Found some pics on my phone. Barns are around 42'x120'x24'. Put up by my neighbor and his boys. 3 days start to finish. No pics of tin because I didn't want to get roped in to helping on that day


----------



## S10491112 (Apr 11, 2013)

Looks great I need to build hay barn to


----------



## Hayguy (Jun 4, 2008)

I'm curious about the hay squeeze used in the pictures lifting the trusses. Never seen one up close . Do the arms out front pivot up for road transport? Also, what's the lifting capacity of a rig like that?


----------



## haystax (Jul 24, 2010)

Forks are always in position in the picture. There's a light bar for highway travel but I don't use often. The machine travels down the road with the clamp in back. Two seats and steering wheels. Mine tops out at around 65mph.

Most are built with 15-16k Hyster lift truck masts. The clamp itself is probably 2500 lbs and the leverage out to the tips makes me nervous lifting much over 2000 lbs at the tip of one fork. Above 11k the steer axle comes off the ground and makes it a little hard to maneuver. My older CAT V-180 forklift squeeze had a lot more counterweight. Could move 8 3x4 pretty easily

As you can see, we use them for all kinds of things beyond the intended application. Some are build with three stage masts can stack three blocks high ~ 25'


----------



## slowzuki (Mar 8, 2011)

Do they get stuck as bad as heavy forklifts? You see the 15-20k forklifts around for cheap.


----------



## CockrellHillFarms (Aug 30, 2011)

Who builds those? Ive seen them other places but I cant ever figure out who builds or makes them.


----------



## haystax (Jul 24, 2010)

They get stuck pretty easily. Most have a locking diff. Some have poor mans lockers using hand brakes for each side. Pig on roller skates in snow and ice.

Sunny D in Klamath Falls is only outfit still building complete machines. Clerf builds a good clamp for around $12k.

Spends but the best way to handle hay efficiently for our area. Lots of custom operators travel upwards of 100 miles per day loading hay


----------



## haystax (Jul 24, 2010)

Squeeze is necessary to move hay in and out of barns. Balewagons don't stack in the barns. 3-string squeeze blocks two high are usually 14 or 16 tiers high total. Will stand fine for a couple years if decent bales.

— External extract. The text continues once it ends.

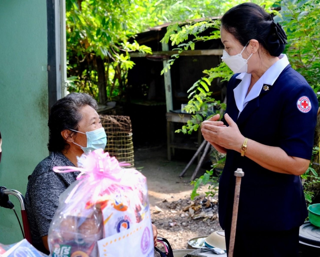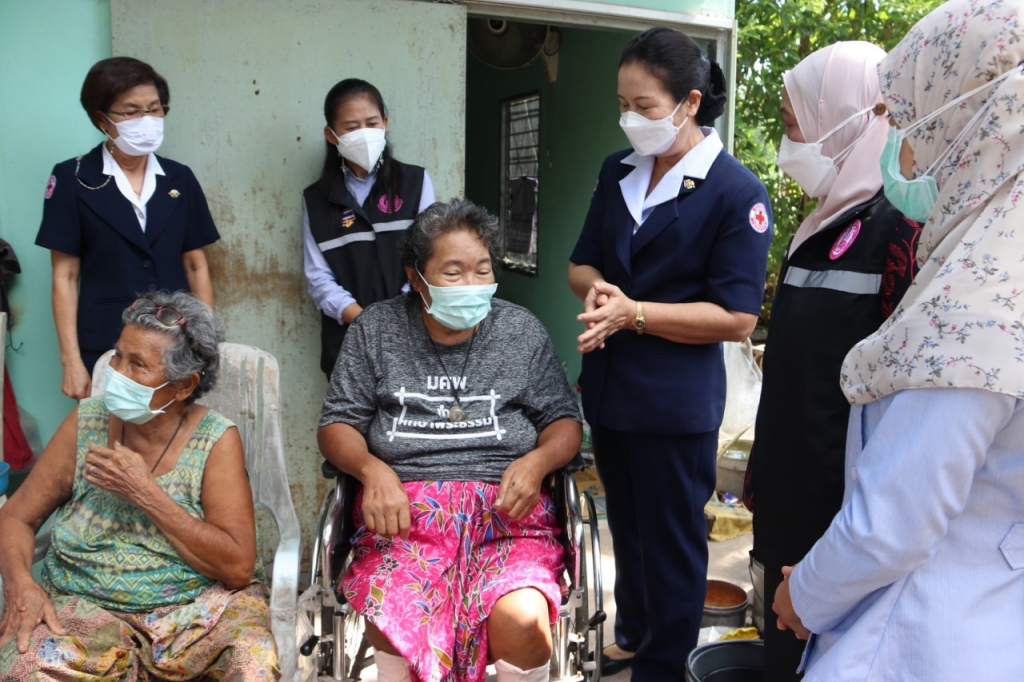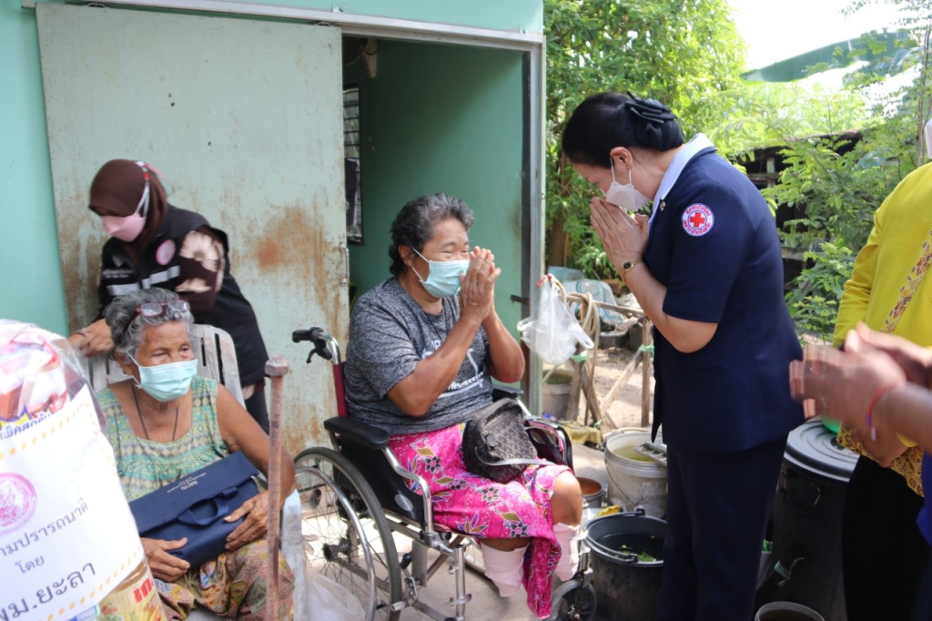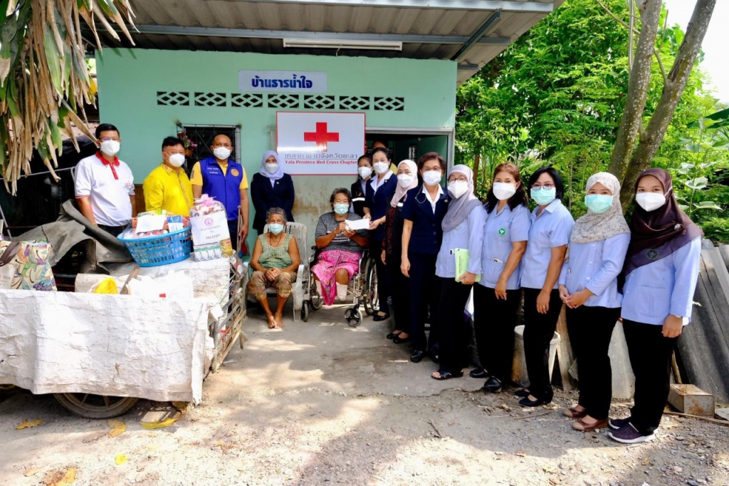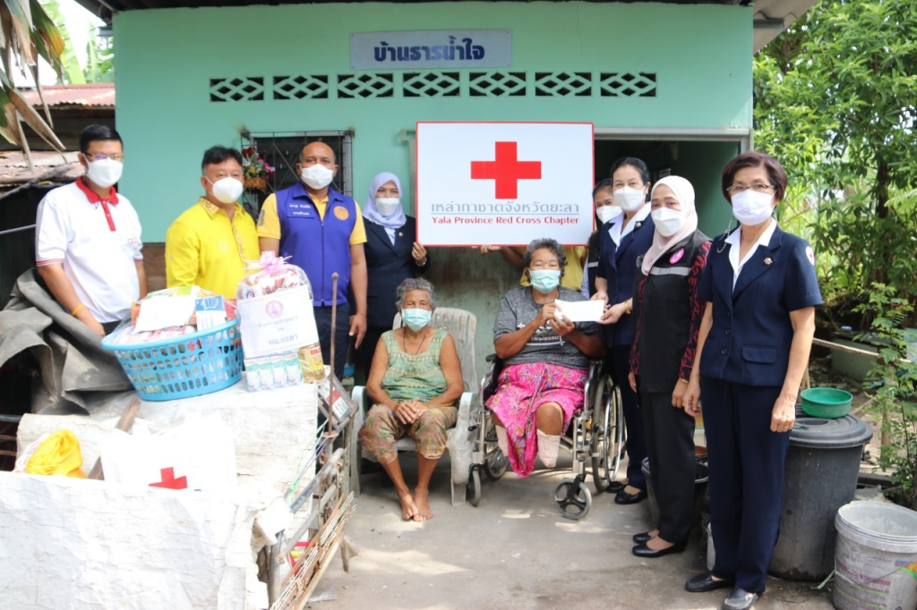 วันที่ 12 ตุลาคม 2564 ผศ.ดร.ทิพยวรรณ นิลทยา นายกเหล่ากาชาดจังหวัดยะลา พร้อมด้วยคณะกรรมการและสมาชิกเหล่ากาชาดจังหวัดยะลา ร่วมกับ นายธราวุธ ช่วยเกิด นายอำเภอเมืองยะลา สาธารณสุขจังหวัดยะลา พัฒนาสังคมและความมั่นคงของมนุษย์จังหวัดยะลา รพ.สต ต.สะเตงนอก ผู้นำท้องที่ ลงพื้นที่เยี่ยมให้กำลังใจ นางสาวเต็มดวง คงเจริญ อายุ 58 ปี อาศัยอยู่ หมู่ที่ 4 นัดโต๊ะโมง ตำบาลสะเตงนอก อำเภอเมืองยะลา จังหวัดยะลา เนื่องจากป่วยเป็นโรคเบาหวาน โรคความดันโลหิตสูง และโรคหัวใจ ต้องตัดขาทั้ง 2 ข้าง อาศัยอยู่กับมารดา อายุ 83 ปี มีอาการเริ่มจะหลงลืม สุขภาพไม่แข็งแรง เหล่ากาชาดจังหวัดยะลา มอบเงินสงเคราะห์ช่วยเหลือและมอบชุดธารน้ำใจสภากาชาดไทย จำนวน 1 ชุด ณ บ้านธารน้ำใจ หมู่ที่ 4 ตำบลสะเตงนอก อำเภอเมืองยะลา จังหวัดยะลา

We stack 3x4 bales 7 high. Can stack 3x3 9 high with three stage mast but 3x3 are a PITA and always want to fall over. These barns hold around 500 tons in little bales or 700 tons in 3x4s


----------



## haystax (Jul 24, 2010)

We started using 10x12" posts after this happened to a neighbor a couple years ago. He got pretty lucky really!


----------